Meski demikian, ia tetap bersyukur karena ada bantuan yang datang dari berbagai pihak. Tati berharap kepada Wali Kota Makassar yang baru yakni Munafri Arifuddin (Appi) bisa memberikan solusi agar banjir tidak lagi sebesar ini.
"Alhamdulillah, adaji bantuan tiap banjir saya mengungsi di masjid. Tapi saya berharap ada solusi, setidaknya banjir tidak lagi sebesar ini," harapnya.
4. Keterbatasan ekonomi jadi kendala pindah rumah

Sementara, warga lainnya, Samatia (56) juga mengaku pasrah menghadapi banjir yang terjadi hampir setiap tahun di tempat tinggalnya. "Masih gadis saya tinggal di sini, sekarang umurku sudah 56 tahun. Sudah 30 tahun lebih menetap di sini, tiap tahun begini terus," ujar Ibu Samatia.
Meski memiliki niat untuk pindah, keterbatasan ekonomi menjadi kendala utama. Anaknya sudah menyiapkan rumah di Tamangapa, namun biaya pindah rumah bukanlah hal yang mudah.
"Kalau mau pindah cari rumah baru, di mana mau ambil uang, nak? Kalau dijual, tidak ada yang mau beli. Alasannya sering banjir," ungkapnya.
5. Dijual Rp10 juta, rumah tetap tidak laku

Bahkan, ia mengaku, ada tetangganya yang hendak menjual rumahnya dengan harga jual yang sangat murah, tapi tetap tidak laku. "Ini saja ada (tetangga saya) ingin jual rumahnya harga murah, Rp10 juta tapi tidak laku. tetap tidak ada yang minat," ungkapnya.

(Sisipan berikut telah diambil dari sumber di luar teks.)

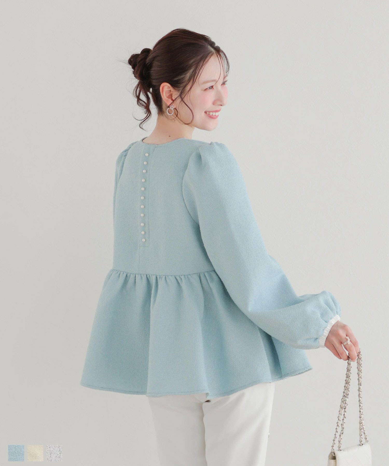 NEW 予約 11月4日12:30発売 他の画像を見る お気に入りに登録する 2025aw ツイード ペプラム ギャザー パール トップス バックパールツイードトップス【予約12/12~順次発送】【宅配便】 価格 ¥ 12,900 税込
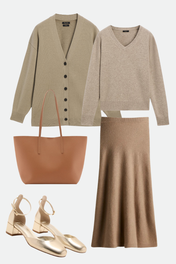 MASSIMO DUTTI kardigan, MASSIMO DUTTI džemper, H&M suknja, MANGO torba, MANGO cipele

Sehingga di tengah kondisi ini, Samatia hanya memilih pasrah dan mencoba menikmati kehidupannya meskipun sering diterjang banjir. "Ceritanya dinikmati ma’mi, terbiasa ma (kita nikmati saja karena sudah terbiasa) Kita sudah bersahabat (dengan banjir)," katanya dengan nada pasrah.
Meski harapan mulai memudar, warga Perumnas Antang Blok 8 tetap bertahan, berusaha menerima kenyataan, dan beradaptasi dengan bencana yang telah menjadi bagian dari kehidupan mereka.